** RAW DATA **
━━━━━━━━━━━━━━━━

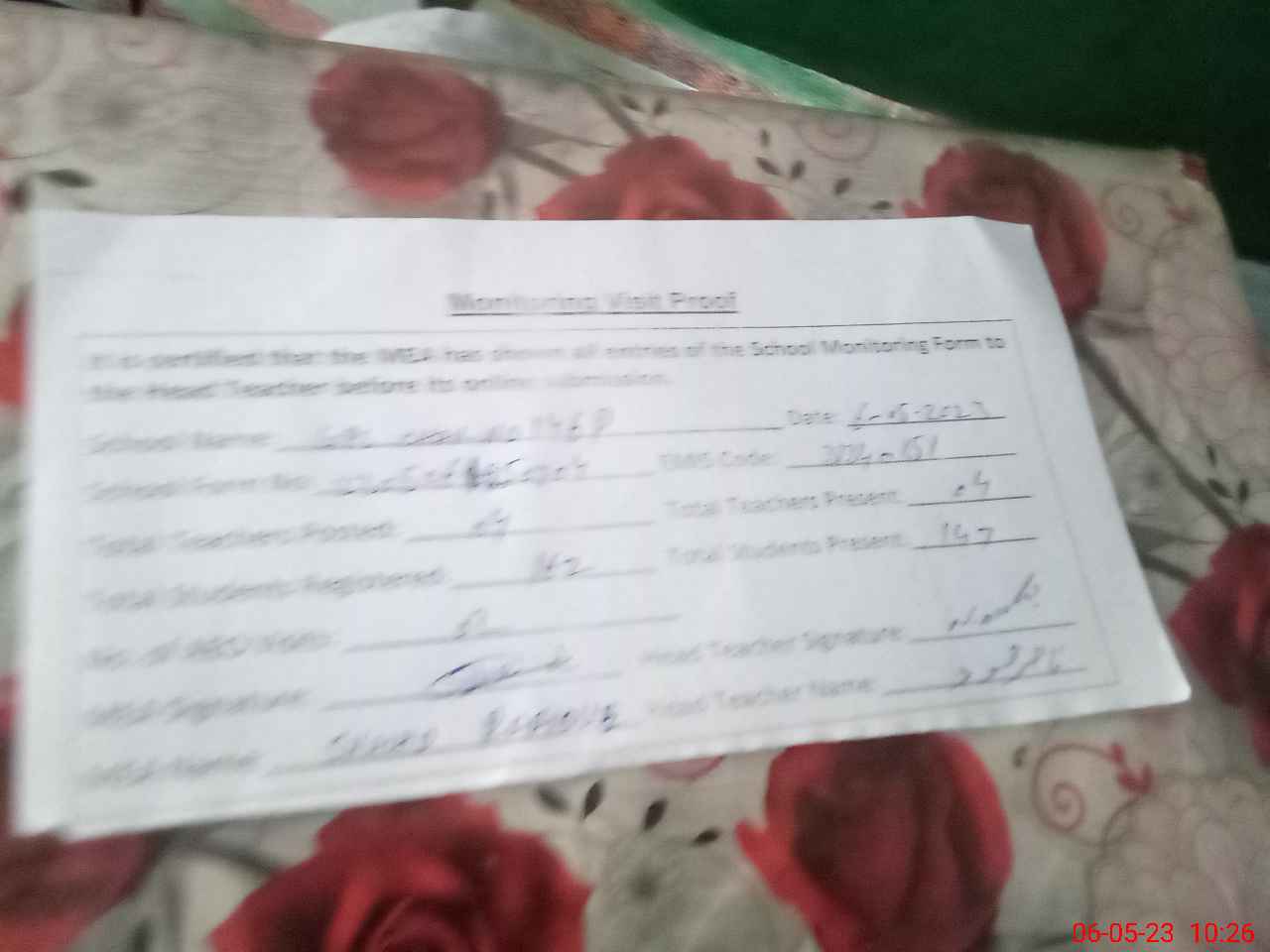 | Certified that this School was Inspected by the Undersigned MEA/DMO Today and the Information Stated Above is as Per Record. | |||||
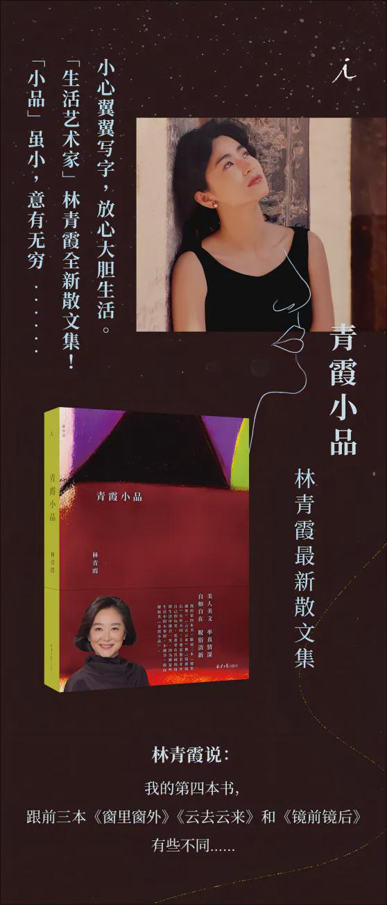 《青霞小品》收录的一篇文章《感受……》中,林青霞从陪伴多年的宠物Barksdale说起,进而聊到新闻播报员博达仁、琼瑶的先生平鑫涛。 “我在想,现世的人,如果没有意外,基本上都可以活过九十岁,医学发达 ,许多疑难杂症都能治愈,有的不能治愈的也延续得了生命。 但是如果是活在人间地狱,没有生活质量、没有生命尊严,安乐死会否是一种选择?”
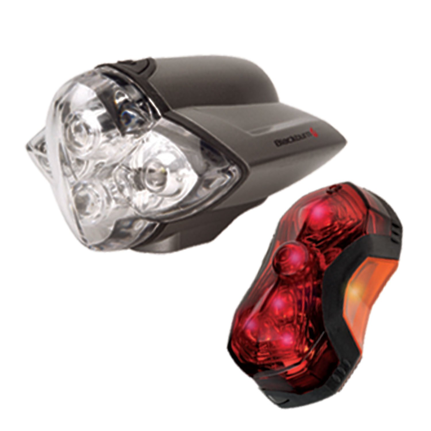 Image: The Blackburn Quadrant front light and Mars 3.0 rear light combo. The front light is larger, typically mounted on handlebars, while the smaller rear light is designed for seat post mounting.

━━━━━━━━━━━━━━━━

** EXERCISE OBJECTIVE **
Copy out all the data exactly, skipping the pictures.

** ANSWER SPACE **
 | Certified that this School was Inspected by the Undersigned MEA/DMO Today and the Information Stated Above is as Per Record. | |||||
 《青霞小品》收录的一篇文章《感受……》中,林青霞从陪伴多年的宠物Barksdale说起,进而聊到新闻播报员博达仁、琼瑶的先生平鑫涛。 “我在想,现世的人,如果没有意外,基本上都可以活过九十岁,医学发达 ,许多疑难杂症都能治愈,有的不能治愈的也延续得了生命。 但是如果是活在人间地狱,没有生活质量、没有生命尊严,安乐死会否是一种选择?”
 Image: The Blackburn Quadrant front light and Mars 3.0 rear light combo. The front light is larger, typically mounted on handlebars, while the smaller rear light is designed for seat post mounting.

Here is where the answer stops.